The correlation and comparison adds a compelling level to the work, as Benford’s Law is a method of detecting fraud rather than proving it. As Wang writes herself:
“Deviations from Benford’s law are [here] compellingly correlated with known financial crises, bubbles, and fraud waves.  And overall, the picture looks grim.  Accounting data seem to be less and less related to the natural data-generating process that governs everything from rivers to molecules to cities.  Since these data form the basis of most of our research in finance, Benford’s law casts serious doubt on the reliability of our results.  And it’s just one more reason for investors to beware.”
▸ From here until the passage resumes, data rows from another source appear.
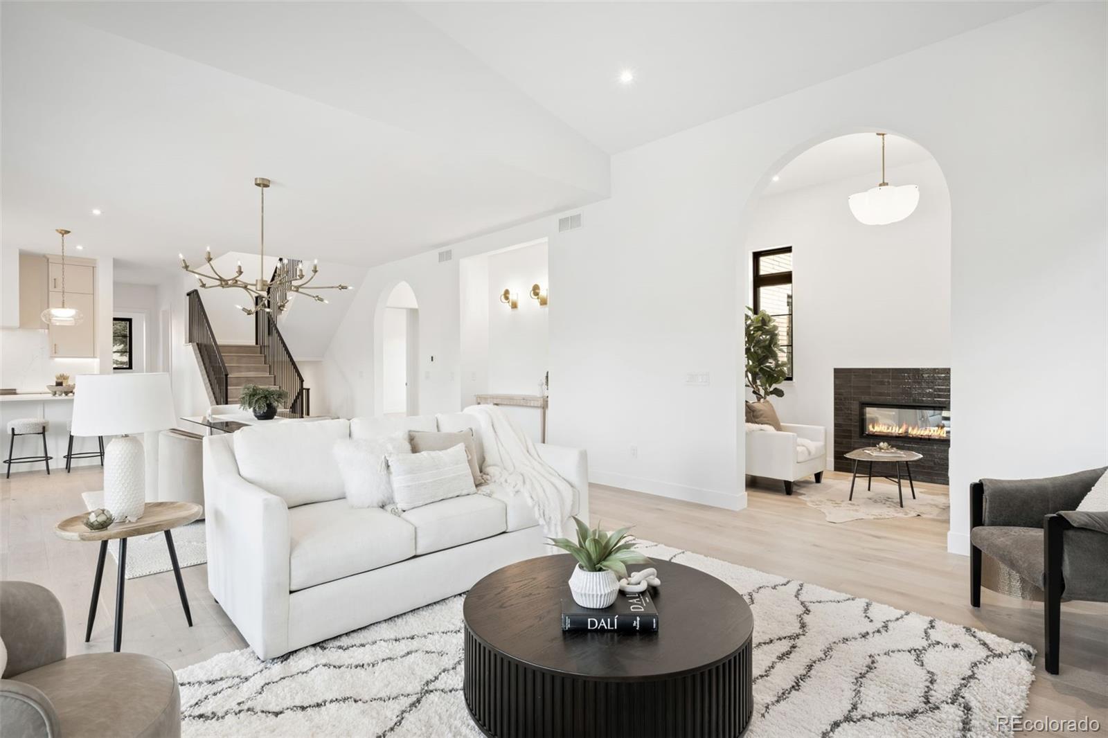Exceptional living on this new one of a kind luxury home that sits on a premier lot close to the Highline canal and Eisenhower park! This home as a stoic exterior and features large light filled open concept living /dining room, corner windows and an intriguing inglenook! Then main floor is also rounded out by a main level bedroom/ second office with an attached bath, a designer mudroom and walk in pantry. Accordion doors open up to a west facing covered patio and a large back yard. The oversized garage has an 3 car stall with extra high door and side mount openers. Set your showing today as this is one great home!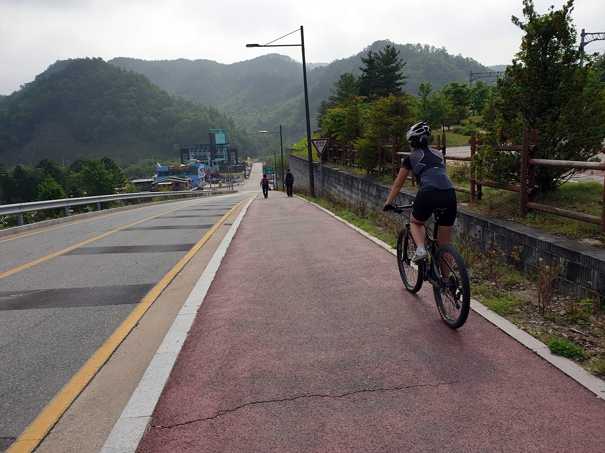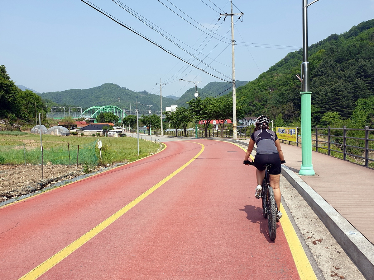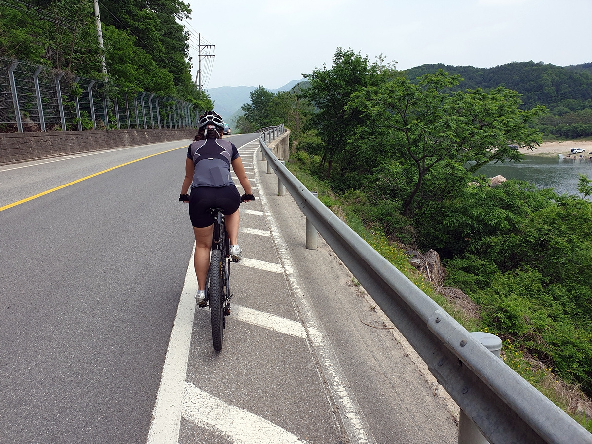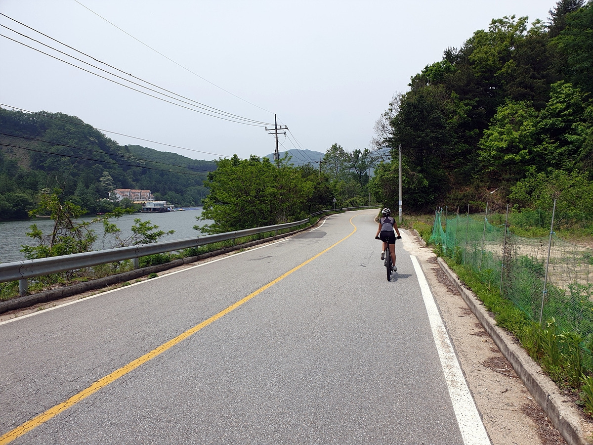 이제부터 당분간 홍천강을 따라 달린다. 살짝 오르막 내리막이 있는 시멘트 포장길을 달린다. 나무가 울창해지니 홍천강이 잘 보이지 않는 대신 시원한 나무 터널로 달린다.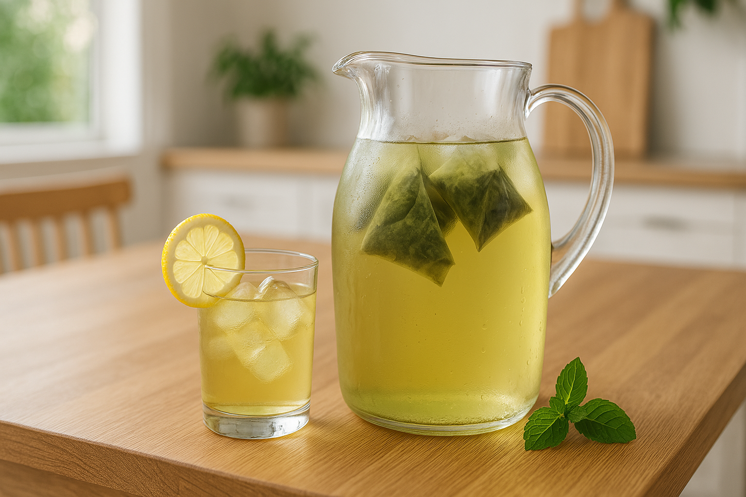 - Pynt med citronskiver eller mynteblade efter smag og nyd den forfriskende Mizudashi-te!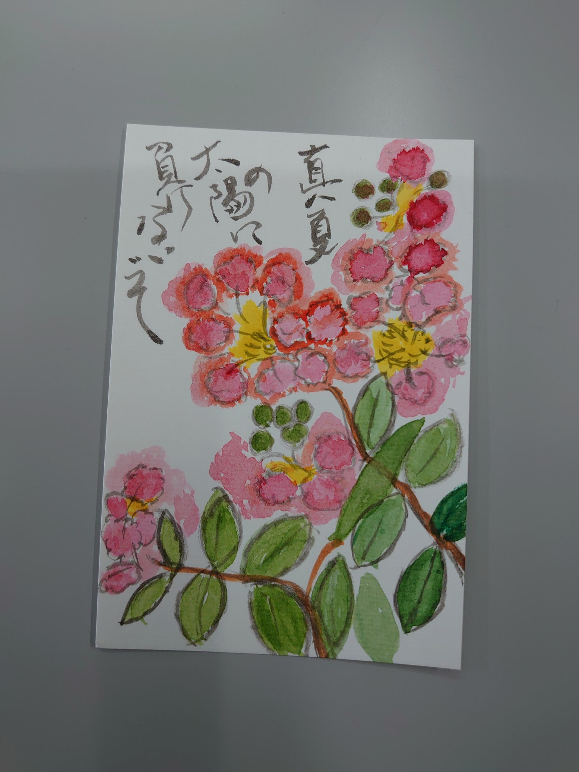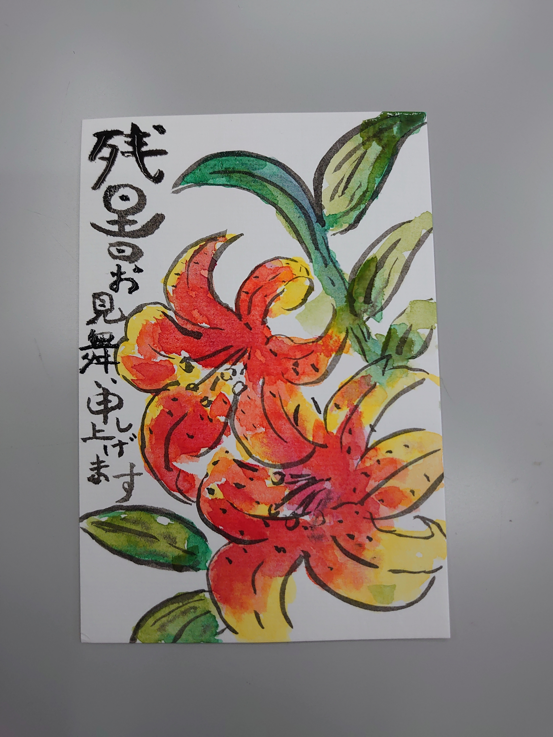 今回は、テッポウユリ、カラー、サルスベリの花の絵を描かれていました。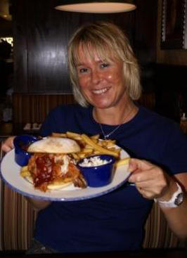 ...es gibt lecker Taco Chips mit Chillibohnen und Käse überbacken und einen riesen Pulled Pork Burger.... leeeeecker !!!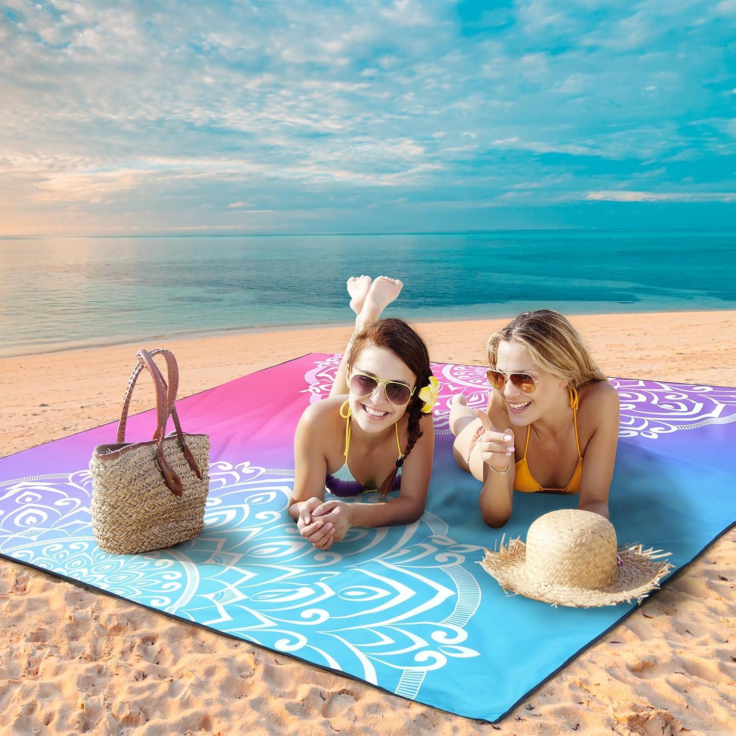 Beach Blanket Waterproof Sandproof Beach Mat 79" X 83"/10'x9'for 2-8 Adults Quick Drying Outdoor Picnic Mat Beach Accessories for Travel, Camping, Hiking(Bluepink)

I love this sort of stuff, because it highlights how important it is for us to question data just as much as we question any other source, while showing just how that can be done.

It also highlights just how central that data often is to key decisions that we and our governments make. Indeed, you might suggest that financial journalists should be doing this sort of stuff routinely if they want to avoid being caught out by the next financial crisis. Oh, as well as environment reporters and crime correspondents.